Thank you. If I could add just one more quick one for Rajeev and it's based around the CTV opportunity and kind of thinking about the fact that all of your competitors also see these [PAM] growth rates. So how do you leverage one, the advantage of being independent versus some of the competitors in that space? And then to Steve's point about investing in the space how do you build competitive moats and differentiation early on to kind of make sure you maintain that position that we've talked about?

Rajeev Goel

Analyst

Sure, yes. I think by virtue of being independent, it means that we're un-conflicted in terms of serving the needs of our customers. And I referenced earlier one of the challenges in the industry has been capacity arbitrage things like that.
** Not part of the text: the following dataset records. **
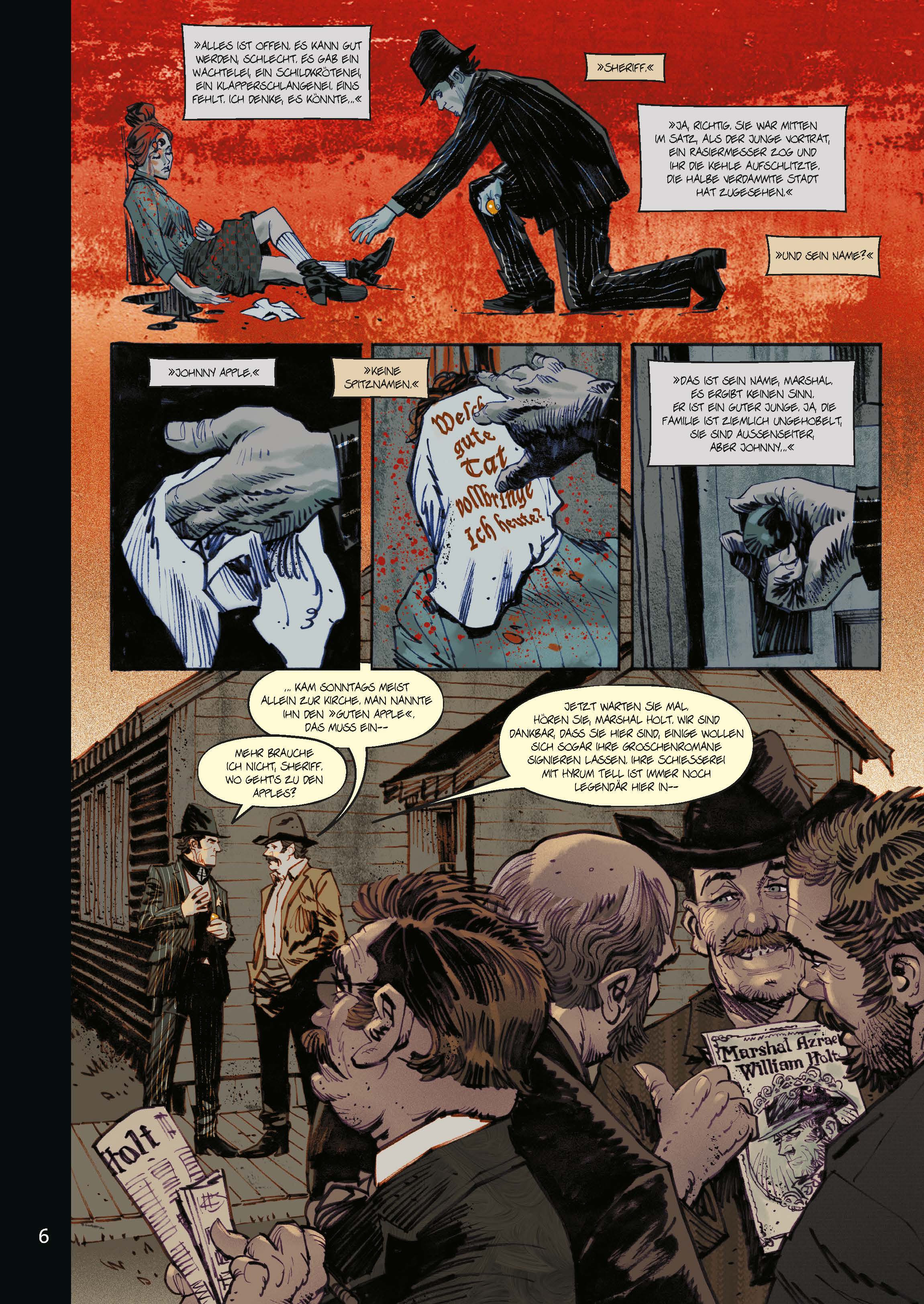 Marshal Holt ist mehr als ein wandernder Gesetzeshüter und ein begnadeter Schütze, er ist eine lebende Legende. Dank der Groschenromane über seine Abenteuer ist Holt im ganzen Westen bekannt - seine Fans vergöttern ihn, und Schurken nehmen beim Anblick seiner markigen Gesichtsmaske Reißaus. Eine unerklärliche Serie brutaler Morde führen Holt an den Schauplatz einer seiner größten Heldentaten: in das verschlafene Nest Canary und dessen aufgegebene Kupfermine. Was Holt dort zutage fördert, ist grauenhafter als alles, was er sich vorstellen kann...Dieser Western bringt das Blut in den Adern zum Gefrieren! »Canary« ist ein Horror-Thriller im Western-Gewand, der die routinierten Illustrationen von Marvel- und Image-Veteran Dan Panosian und Scott Snyders packendes Storytelling kongenial zusammenführt.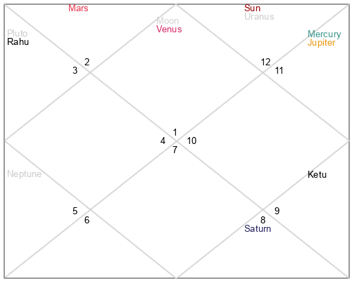 | Venus | 15 Taurus 29 | 26 Pisces 2 | 3 Virgo 31 |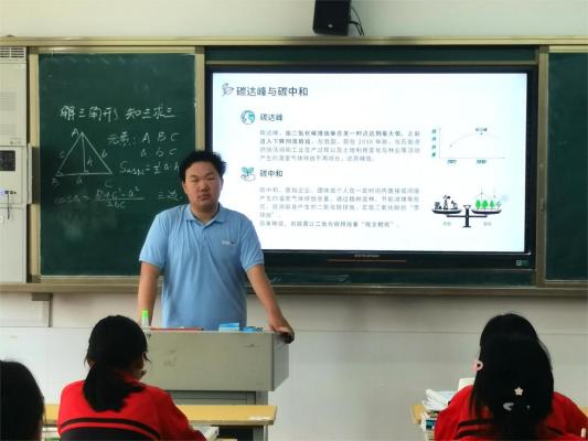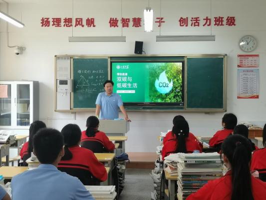 接下来,尹天佑从员工自身出发,向员工们普及了低碳生活的常见方式。尹天佑从“衣”“食”“住”“行”四个角度展开讲解,号召同学们在日常生活中做到一水多用、废纸再利用、合理使用空调电器等低碳生活方式,为低碳生活的推广和“双碳”的推进做出贡献。特别地,尹天佑结合最新学情考情,为同学们展示了以“双碳”和低碳生活为背景的题目,并对其中的地理试题进行了详细讲解,体现了“用课本知识解决实际情境问题”的教学思维,进一步提升了同学们的学科素养。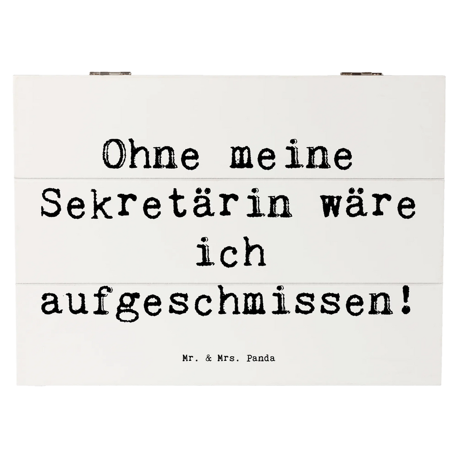 Entdecke die bezaubernde Holzkiste "Sekretärin" von Mr. & Mrs. Panda! Diese wunderschöne Erinnerungskiste ist nicht nur ein praktischer Aufbewahrungsort für Deine wertvollen Schätze, sondern auch ein liebevolles Geschenk für Deine Sekretärin oder für Dich selbst. Mit dem frechen Spruch "Ohne meine Sekretärin wäre ich aufgeschmissen!" zaubert sie jedem ein Lächeln ins Gesicht.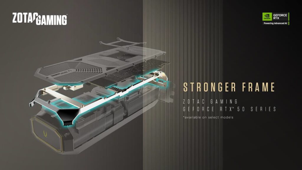 Karty graficzne z serii ZOTAC GAMING GeForce RTX 50 łączą estetykę z wytrzymałością. Solidność konstrukcji zapewniają odlewana ciśnieniowo metalowa płyta tylna, wspornik retencyjny oraz wzmocniona centralna część ramy, które dbają o integralność strukturalną. Modele wyposażone w 3 wentylatory zawierają także metalową podstawkę pod GPU, oferując dodatkowe wsparcie i stabilność.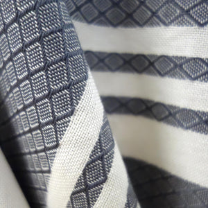 Traditional tallit designs with exquisite materials, woven in Chicago and sewn in North Carolina. Slate gray stripes against a crisp white background.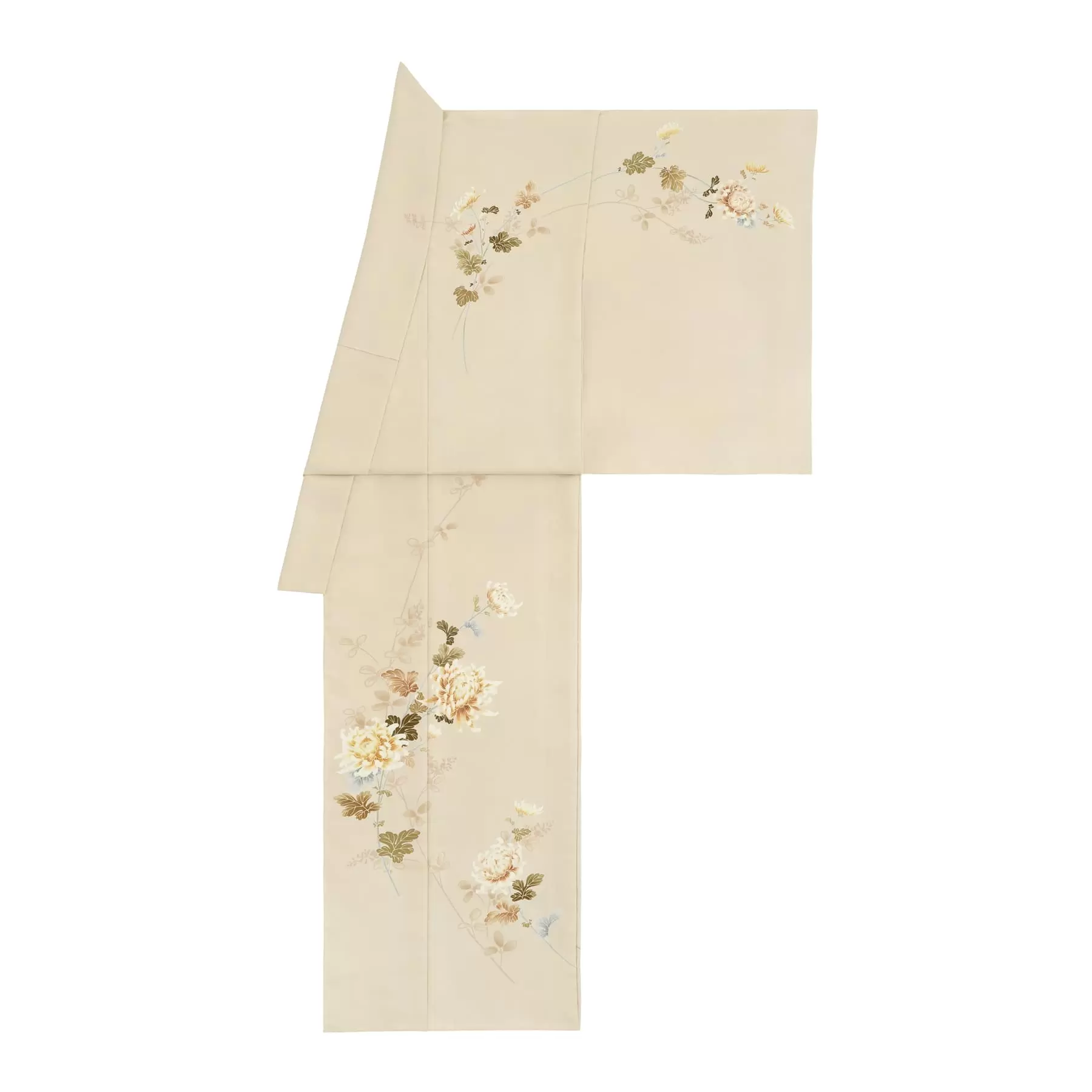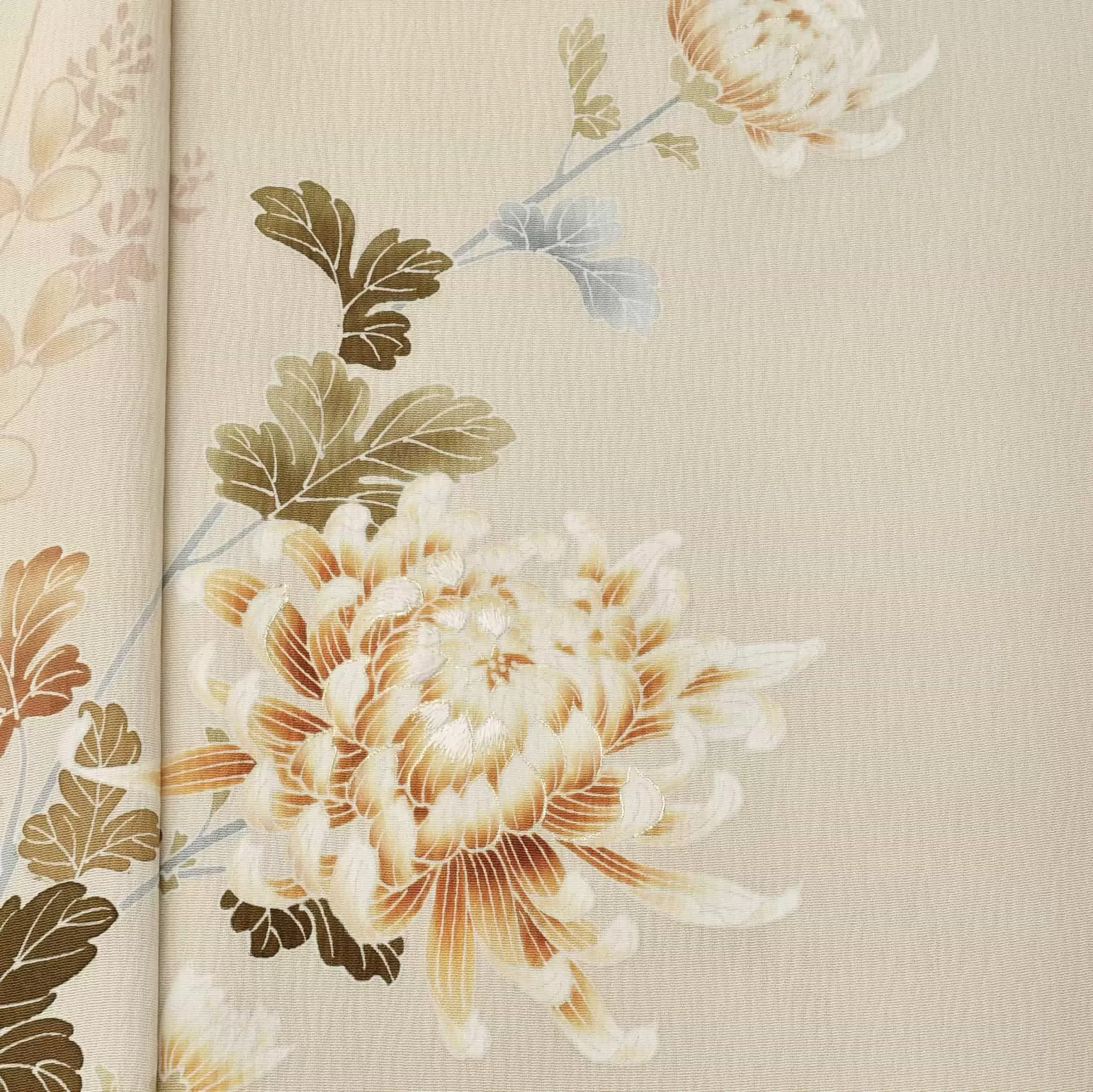 ひぐらしの声が聞こえる森の中、風に優しく揺れる花々を描き出しました。自然が生み出すやわらかな曲線が重なり合い、ハーモニーを奏でているような優雅な訪問着です。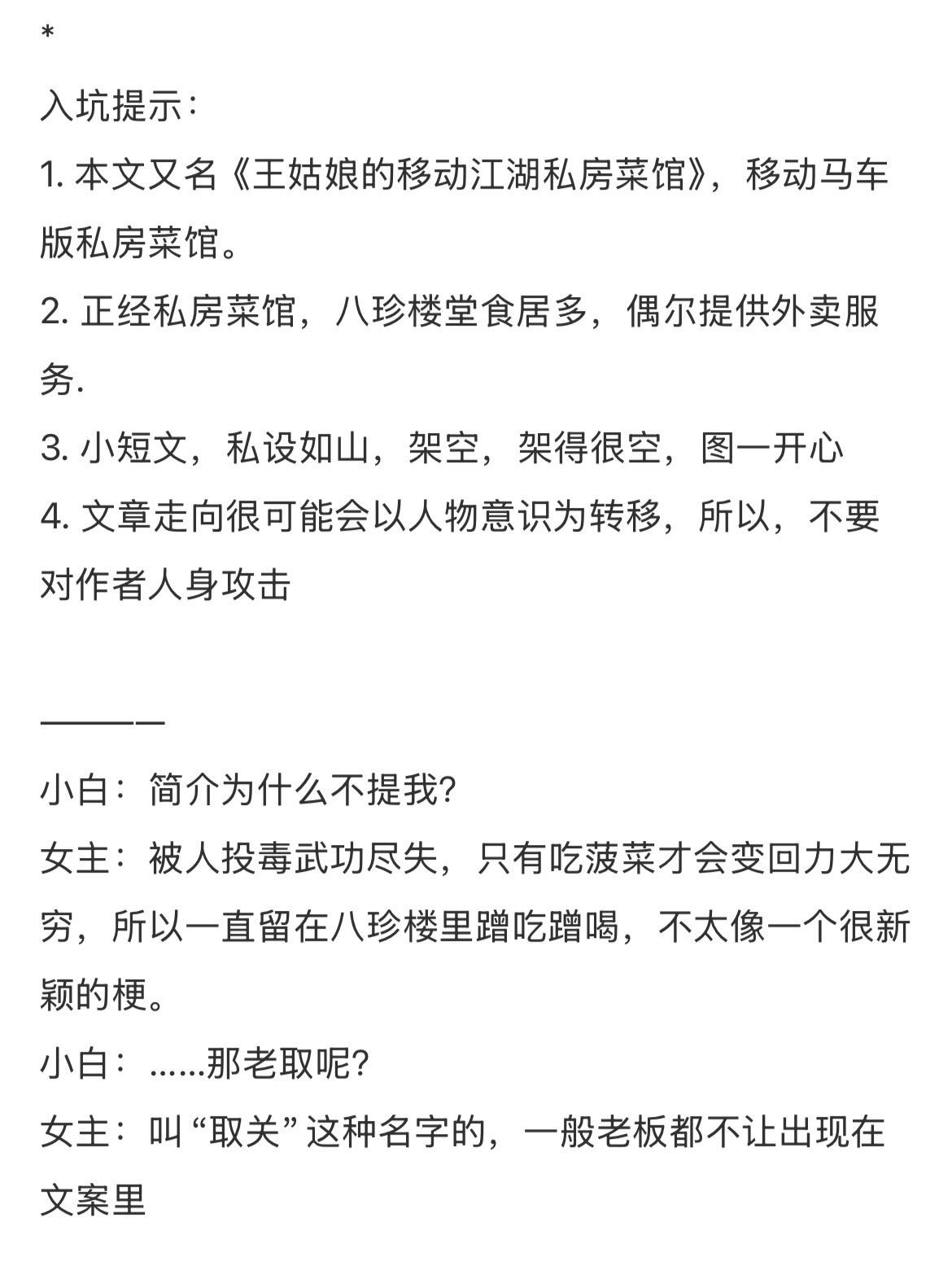搞笑治愈经营美食文!搞笑治愈经营美食文!※本文又名《王姑娘的移动江湖...

I hear agencies all the time that one of the reasons they engage in things like supply chain optimization with us, is that we don't own media. We have no incentive to put spend from an advertiser on one impression versus another, we treat them all equally, and we're willing to be very transparent about that. So I think independence helps to a very significant degree when you're thinking about branding budgets, in particular that are flowing through CTV and so the metrics on how to measure the return are not, they're not the same, they're not as clear as they might be in performance based advertising. And so buyers want to know that the technology partners that they're working with are unconflicted, and really are looking out for their interests. And so I think that's really where the independence piece comes into to our benefit. And then in terms of the competitive moat, I think where our moat lies today and we'll continue to like is really in our infrastructure driven approach where we're able to innovate extremely rapidly because we own all layers of the infrastructure stack. So we're shipping code across our global platform on a daily basis. We're making our platform more efficient, more transparent and driving superior value outcomes because we own all of that infrastructure. And so that is really what drives a competitive moat over the course of days, weeks, months and quarters, as we continue to innovate and build strong reputation in the industry. And I think the metric that Steve just shared, obviously the 130% net dollar base retention is I think a great metric around how we're performing in that regard.

Matt Swanson

Analyst

Thank you.

Operator

Operator

And this concludes the Q&A portion of our call today. I'll now turn the call back over to Rajeev for closing remarks.

Rajeev Goel

Analyst

Thank you. Well, I want to thank you all for joining today. We're very excited about our market share expansion and the number and magnitude of growth opportunities ahead of us. Steve and I look forward to connecting with many of you in the coming days. Thank you all.